=== Instructions for the task ===
No pictures go into the output, which should consist only of the lines from the first line of the data through the line with "Układy pamięci Universal", copied exactly.

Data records
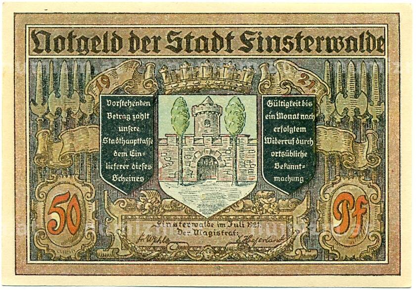 Банкнота 50 пфеннигов 1921 года Германия — Финстервальде (Нотгельд) (Артикул: K10-12190): подробные характеристики, качественные фотографии в высоком разрешении, низкая цена.
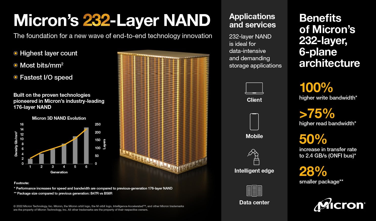 Układy pamięci Universal Flash Storage (UFS) 4.0, zbudowane zostały na zaawansowanej 232-warstwowej pamięci 3D NAND. Micron oferuje je w wersjach o maksymalnej pojemności do 1 terabajta (TB) i pierwsze próbki już zostały rozesłane do wybranych światowych producentów smartfonów i dostawców chipsetów.
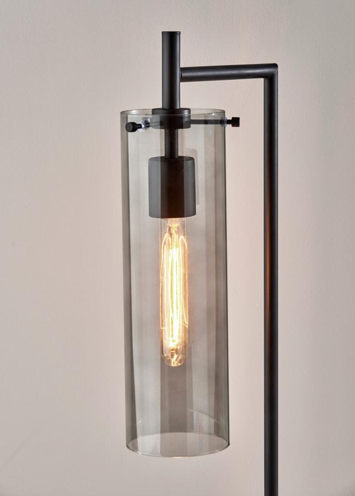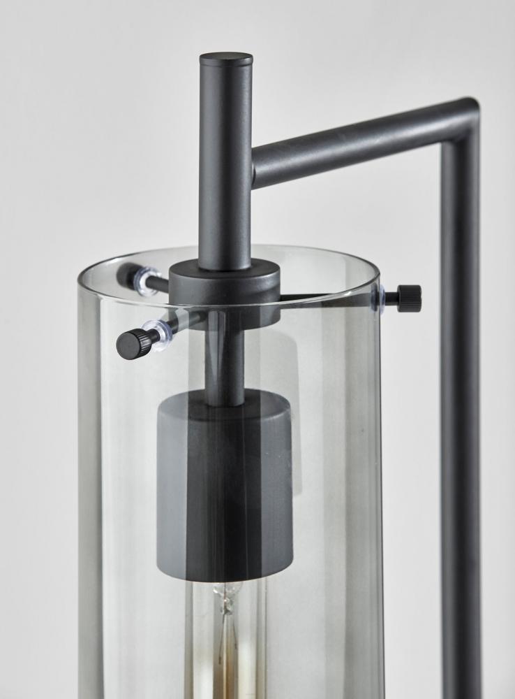 With clean, simple lines, a black metal finish, and vintage Edison bulb, the Dalton desk lamp integrates seamlessly with industrial and modern chic styling. This 24" tall lamp's small footprint and narrow profile make it a space efficient choice for desks, nightstands, and end tables. Anchored by a rectangular base crafted of black metal, a matching narrow pole extends straight before meeting with a short arm at a 90° angle. Suspended from the arm is a luxuriously styled smoked glass cylindrical shade that leaves the included 40W Edison tube bulb visible for striking, vintage appeal. The lamp is easily operated by a discreet rotary switch located on the base. Complete your decor with the Dalton 1-light floor lamp, 2-light floor lamp, wall lamp, and pendant light.
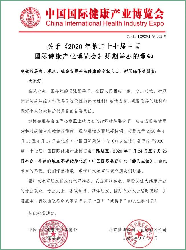 根據(jù)健博會設(shè)計搭建公司領(lǐng)藝展覽了解到,2020CIHIE·健博會延期至7月24—26日舉辦。如需健博會設(shè)計請聯(lián)系領(lǐng)藝展覽,希望我們能在健博會搭建上為您添磚加瓦,祝各位朋友收獲多多,滿載而歸!
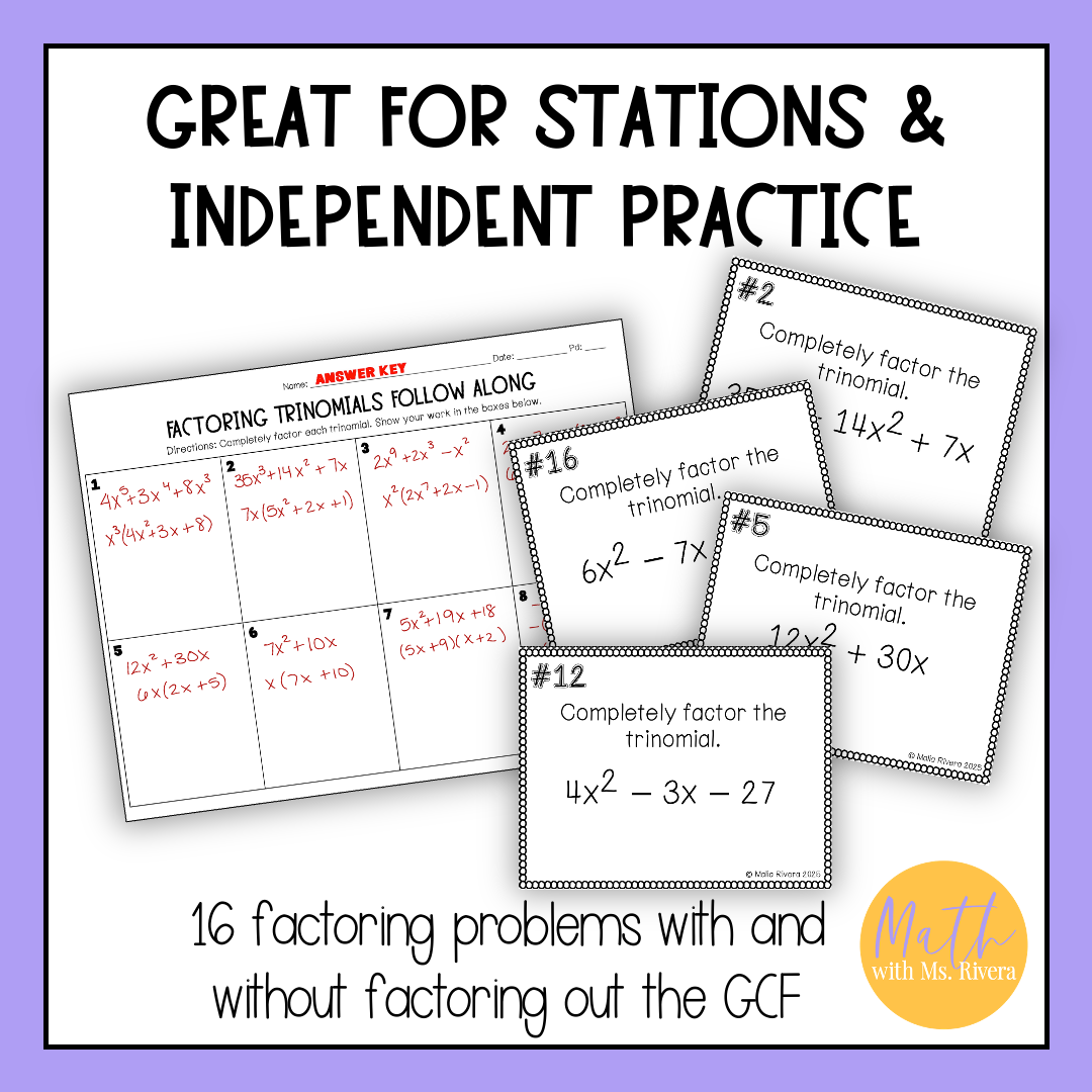 Looking for a self-checking printable activity for your Algebra 1 students to practice factoring trinomials? Look no further! This self-checking task cards activity are just what you need!
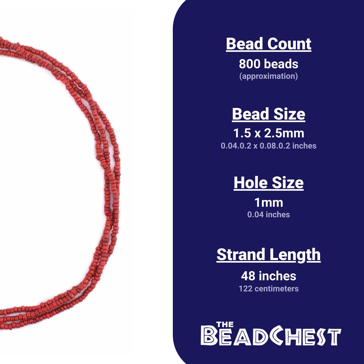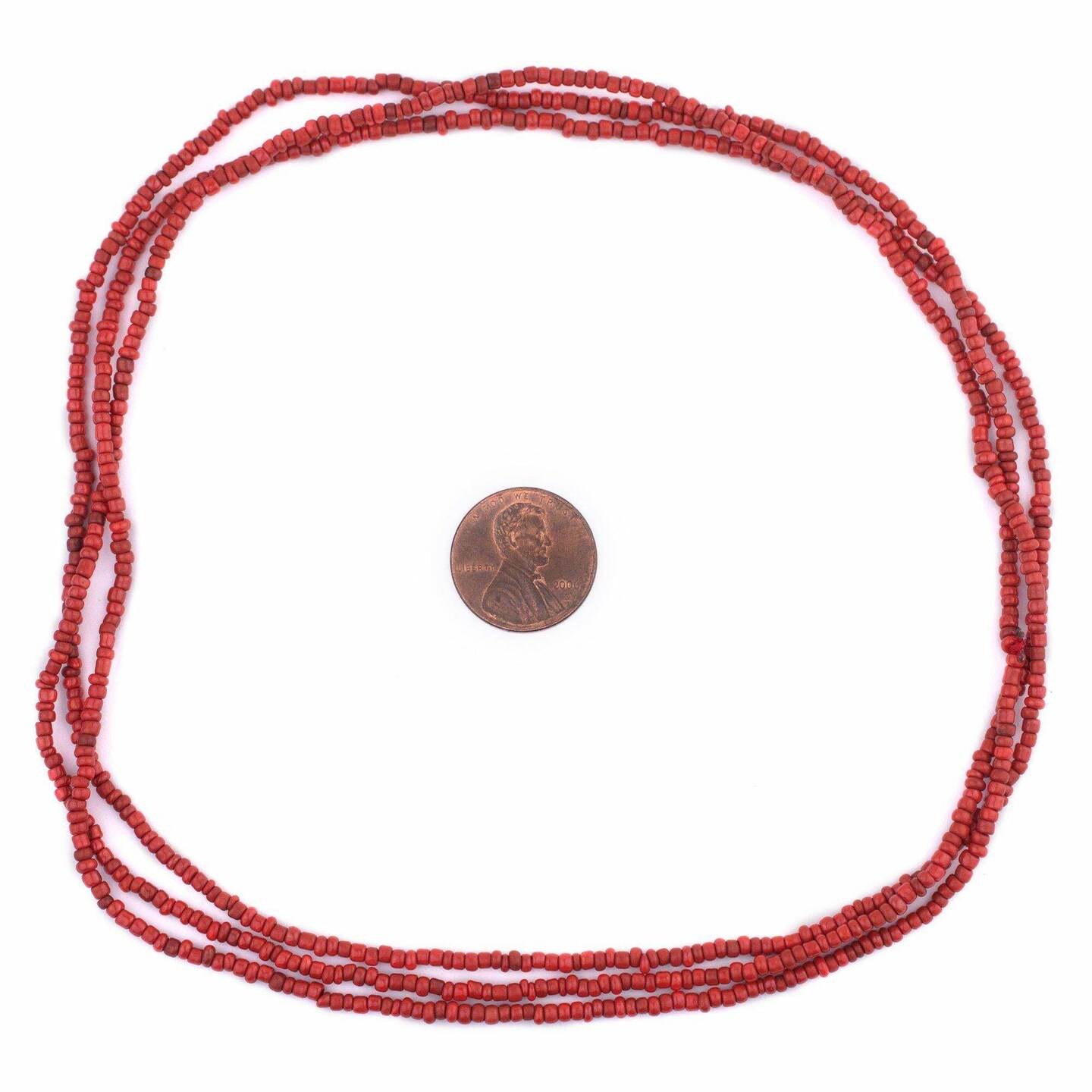 The Bead Chest Coral Red Java Glass Seed Beads (2.5mm, 48" Strand)

=== Answer for this exercise ===
 Банкнота 50 пфеннигов 1921 года Германия — Финстервальде (Нотгельд) (Артикул: K10-12190): подробные характеристики, качественные фотографии в высоком разрешении, низкая цена.
 Układy pamięci Universal Flash Storage (UFS) 4.0, zbudowane zostały na zaawansowanej 232-warstwowej pamięci 3D NAND. Micron oferuje je w wersjach o maksymalnej pojemności do 1 terabajta (TB) i pierwsze próbki już zostały rozesłane do wybranych światowych producentów smartfonów i dostawców chipsetów.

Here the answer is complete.